Caratteristiche nutrizionali

Uno dei motivi per cui, nonostante il maggiore costo, il farro è tornato alla ribalta sulla scena dell’alimentazione occidentale, sono le proprietà benefiche connesse alle sue caratteristiche nutrizionali. Il farro è uno dei tipi di frumento meno calorici: 100 g apportano circa 340 kcal; è povero di grassi e ha un basso indice glicemico rispetto alle altre qualità di cereali. Inoltre contiene l’aminoacido essenziale metionina, carente in quasi tutti gli altri cereali.

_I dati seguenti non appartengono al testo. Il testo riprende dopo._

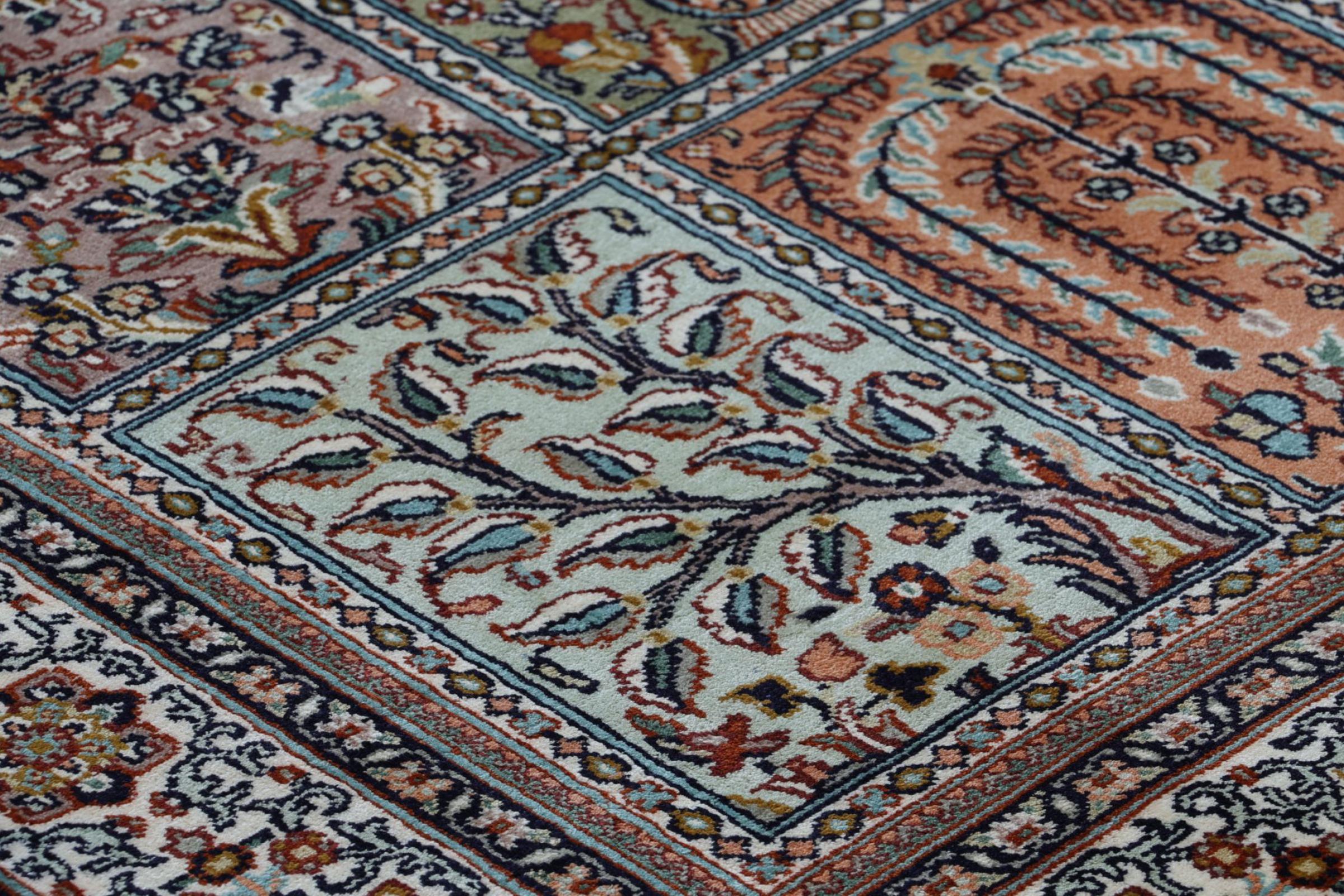 Ce splendide tapis de soie noué à la main originaire de Kashmir reflète le savoir-faire des noueurs de tapis indiens, qui utilisent les meilleurs matériaux pour former des motifs à couper le soufflé. Une pièce de luxe, juste pour vous.

In più apporta buone quantità di fibre (che aumentano il senso di sazietà e aiutano l’intestino a digerire meglio), vitamine A e del gruppo B, sali minerali (come potassio, ferro, magnesio e fosforo) e ha un contenuto proteico superiore alla media dei cereali. 

Tre tipologie di farro

Il farro non è tutto uguale: ne esistono tre tipologie (tre specie del genere Tridicum) accomunate da una stessa caratteristica (in virtù della quale vengono definiti “grani vestiti”): il chicco dopo la trebbiatura rimane rivestito dagli involucri glumeali, perciò prima di utilizzarlo come alimento viene sottoposto a una “svestitura” (decorticazione).

Farro piccolo o monococco (Triticum monococcum)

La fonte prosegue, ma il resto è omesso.